In this volume, we focus on one of the tasks that the human language
processing system is responsible for--reading. By reading we mean
the task that takes as its input a body of text in a natural language [1]
and produces as its output an understanding of that text. An obvious
question to be addressed is the nature of this understanding: what
is it, how it is represented, for what and how it is used, and how it might
be measured. Another important question is the nature of the task itself:
how is it carried out, what its constituent tasks are, and how we (as researchers)
might describe this task and how it works. Implicit in this approach is
the assumption that a theory of reading must account not only for what
reading produces as its result (an understanding of the given text) but
also how exactly reading works such that it can produce the said result
from the given text. In other words, we seek an explanatory theory or model
of the reading process and not simply a descriptive account.
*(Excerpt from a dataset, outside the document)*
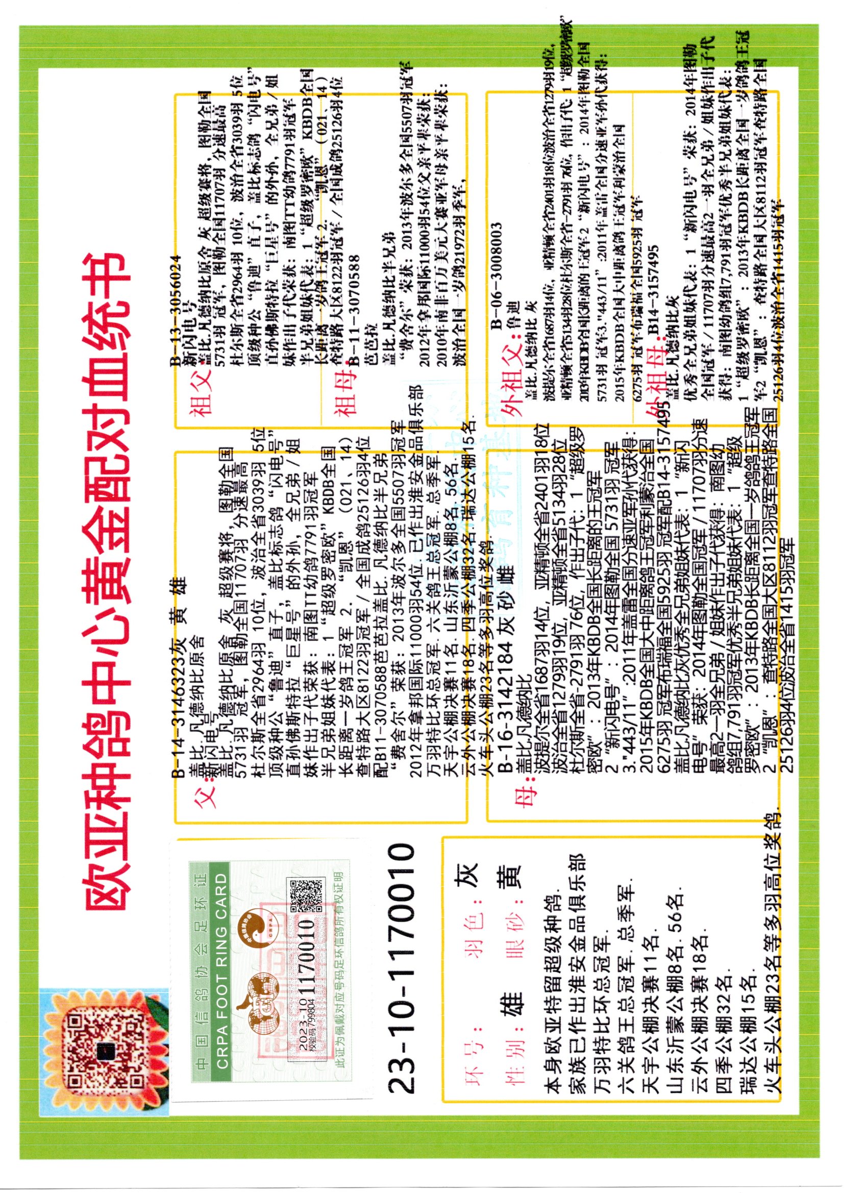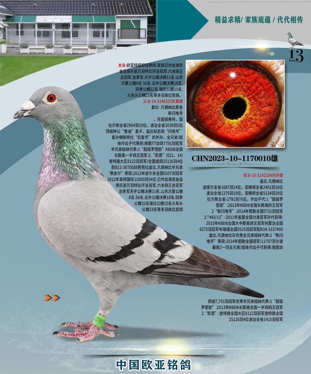 24年秋南京特比环欧亚荣获大团体冠军.小团体冠军551公里大特比13名.14名.16名.19名.20名.21名.24名.26名.27名.28名.42名.52名.54名.57名.65名.66名.68名.70名.71名.72名.74名.76名.80名.82名.83名.84名.85名.86名.90名.92名.110名.116名.121名.122名.128名.131名.158名.161名.164名.165名.166名.172名.174名.177名.182名.195名.196名.201名.205名.208名.210名.216名.253名.269名.275名.276名.294名.296名.299名,,24年秋云南天南铜都公棚决赛415名.天南铜都小棚决赛409名.云南玉活公棚决赛102名.490名.团体32名上笼二羽进二羽,天南铜都大棚506公里决赛445名。热烈祝贺河北省巨鹿县李兰生老师用欧亚泰山号血系连续十一年夺冠军,河北省国家赛冠军.全国季军等多次前十名高位,扬州王军王总用欧亚利奥24年春季获山东翔宇公棚决赛33名盖比53名。南京刘正龙刘总用欧亚盖比获得24年秋山东潍坊国际公棚决赛42名.精英赛30名.三关鸽王71名.决赛86名.加站赛16名.南京市特比环A组鸽王9名.B组鸽王5名.6名.C组鸽王5名.精英赛冠军4名.技能赛A组冠军4名.5名.秦淮区特比环荣获15名.46名.48名.87名。四川西昌徐亮徐总用欧亚利奥获得凉山州聚友决赛177名.第二关亚军双关鸽王19名.三关鸽王105名.云南豪庭公棚决赛603名。热烈祝贺24年四川重庆翔园鸽舍用欧亚泰山号荣获春季400公里冠军.秋季500公里冠军,河北王总用詹森X利奥获得千羽千翔公棚400公里冠军,广东蔡楷焕荣获24年秋爱好者 赛鸽俱乐部三关鸽王季军.一关420公里99名.二关450公里11名.三关520公里32名.单关季军.7名.12名,江西李卫兴荣获贵州红枫公棚8名.共翔俱乐部寄养棚四关综合鸽王30名.一关400公里78名.二关500公里55名.三关520公里37名.四关500公里57名.同父母获公棚18名.雷鸣获得武汉黄浦育翔中心冠军,四川陈文获得四川明鸿俱乐部300公里梦幻2名.3名.4名.9名.10名.13名.14名.15名.31名.34名.40名.41名.42名.43名.69名.71名.72名.73名.74名.94名.95名.97名.98名.99名.419公里决赛荣获总冠军7名.总共归巢9羽,四川徐亮获豪庭决赛603名,山西郑勇获得山西泰鑫公棚决赛255名詹森红狐,热烈祝贺马总获得开尔(飞跃队)决赛9名获奖金1310000万元.第一关52名,天津津福资赛180公里96名.获奖金429543万元,欧亚支持全国鸽友24年秋多人报喜 祝大家取得更好成绩,给欧亚报喜鸽友欧亚决定给每人赠送一羽超级种鸽。欧亚俱乐部特比环多关鸽王成绩:15年秋淮安特比环黑色星期一全会上笼9700多羽,当天无鸽归巢,第二天全会归巢357羽,本舍归巢158羽.前十名八羽.前一百名归巢57羽,16年春季获五关鸽王总冠军,总亚军四名.六名.七名.九名.十名.晶艺俱乐部520公里冠亚季军5名.6名.7名.9名.11名等,火车头冠军.季军6名.8名.9名.10名,16年秋晶艺俱乐部特比环520公里亚军.季军4名.6名.7名.9名,15年春南京白下特比环冠军.亚军.季军6名.7名.8名.9名.10名.指定鸽A B组获得冠军.亚军.季军4名.5名.,17年淮安特比环亚军.4名.5名.7名.8名.10名.六关鸽王总冠军.4名.6名.9名.10名,寄养棚宿迁刘总20羽特比环获冠军.季军.4名.7名.8名.9名等。18年荣获万羽特比环六关鸽王总冠军.总亚军.总季军.6名.8名.十名.单关四羽冠军.二羽亚军.四羽季军.前十名27羽。19年秋万羽特比环六关鸽王总亚军.总季军.5名.8名等,单关二羽冠军.三羽亚军.一羽季军前十名31羽。20年秋淮安市鸽会四关特比环大赛风雨无阻鸽王亚军.鸽王六名,金品俱乐部万羽特比环六关鸽王总冠军,总亚军.四名.五名.六名.七名.八名.十名.前二百名鸽王35羽,单关冠亚季军前十名四十多羽,火车头五关鸽王季军.六名.八名.前二百名鸽王十七羽。20年春荣获淮安五区一市四关鸽王总冠军.亚军.四名.八名.九名。21年秋荣获金品万羽特比环大赛六关鸽王总亚军.总季军.四名.七名.九名.十名.单关冠亚军季军前十名三十多羽。火车头协会鸽王六名.七名.十名.单关前十名十七羽。22年秋荣获鸽王总冠军.总亚军.5名.7名.8名.9名.11名.单关冠亚季军前十名三十多羽,第一关单关前二百名四十多羽,第二关前二百名三十多羽,第三关前二百名四十多羽,第四关前二百名四十多羽,第五关前一百名53羽。23年秋荣获鸽王季军.五名.八名.十名.13名.17名.20名.27名等多羽鸽王.单关前十名二十多羽。公棚.寄养棚部分成绩:16年秋宁夏黄河公棚总冠军电脑戈马力指定通炮冠军,17年送八羽参赛获得鸽王八名进奖四名,支持韩总荣获八名。支持鸽友荣获宁夏中卫公棚决赛总冠军.精英赛冠军,支持18年宁夏黄河公棚决赛冠军詹森X泰山。安徽鼎博寄养棚院内外四关鸽王总冠军.鸽王十七名.三十七名同窝,鸽王39名.42名.58名.67名。18年山东公棚预赛冠军.决赛65名.送八羽进奖五羽.指定获奔驰汽车一辆。支持鸽友获得云南蓝云公棚冠军.盖比X佛卡门。支持鸽友荣获云南银集公棚决赛冠军 詹森427X520血系 速度赛6700羽冠军。17年荣获金马俱乐部寄养棚四关鸽王总冠军.季军.六名.八名.第一关冠军.亚军.季军四名.七名.十一名.金牌教练奖。支持鸽友18年北京费翔公棚预赛九名电脑X桑杰士,支持鸽友荣获陕西威力公棚决赛11名.内蒙古临河寄养棚四关鸽王六名.詹森配泰山,支持河北王总用欧亚詹森427配胡本喜获20年秋开尔青年棚季军。云南东荣公棚16年预赛冠军.决赛77名.17年决赛12名.詹森红狐X泰山,17年平安公棚决赛4名 詹森427。欧亚获得21年金母寄养棚第一关四名.第二关5名.第三关5名.6名.7名.10名.三关鸽王总冠军,四关鸽王14名.十羽鸽王。支

Our goal is to address the problem of reading comprehension--processing
and understanding a natural language text, narrative or story. This constrains
our endeavor in two ways. First, an account of reading must explain how
the reader can understand text, that is, understand the situations described
in the text, explain who did what to whom, and how, and why, and construct
a coherent interpretation of the text that "makes sense." A theory which
focuses, for example, only on syntactic parsing of sentences is, by this
metric, not a theory of reading comprehension or text understanding, although
it might certainly be an important piece of a complete theory. The second
constraint is that an account of reading must explain how the reader can
understand "real" natural language texts—narratives, stories, newspaper
articles, dialogs, advertisements, and so on. This rules out models which
focus only on the processing of single sentences taken out of context or
of small researcher-constructed "stories." Although such models are certainly
important in that they provide crucial stepping stones towards the "big
picture" and may even be a piece of the complete theory of reading, they
do not by themselves constitute a satisfactory account of the human reading
capability. Methodologically, of course, researchers must often concentrate
on narrower subtasks of the reading process (such as syntactic parsing,
or explanation construction, or belief modeling) and/or on a narrower range
of textual inputs (such as individual sentences, or short newspaper articles,
or simple question-and-answer scenarios); the point is that the eventual
goal of the endeavor that has come to be known as natural language processing
(NLP) is to produce a theory of reading comprehension "in the large."
Assumptions
What might a theory of reading look like? We make two assumptions in this
volume. First, a scientific understanding of how agents read is best expressed
in terms of a functional-computational-representational model of
the reading process. [2]
By functional we mean that the process will be defined in terms of
its inputs and outputs and that it may be decomposed into one or more interactive
subtasks and further sub-subtasks which, in turn, will be defined in terms
of their inputs and outputs as well as their interactions with each other.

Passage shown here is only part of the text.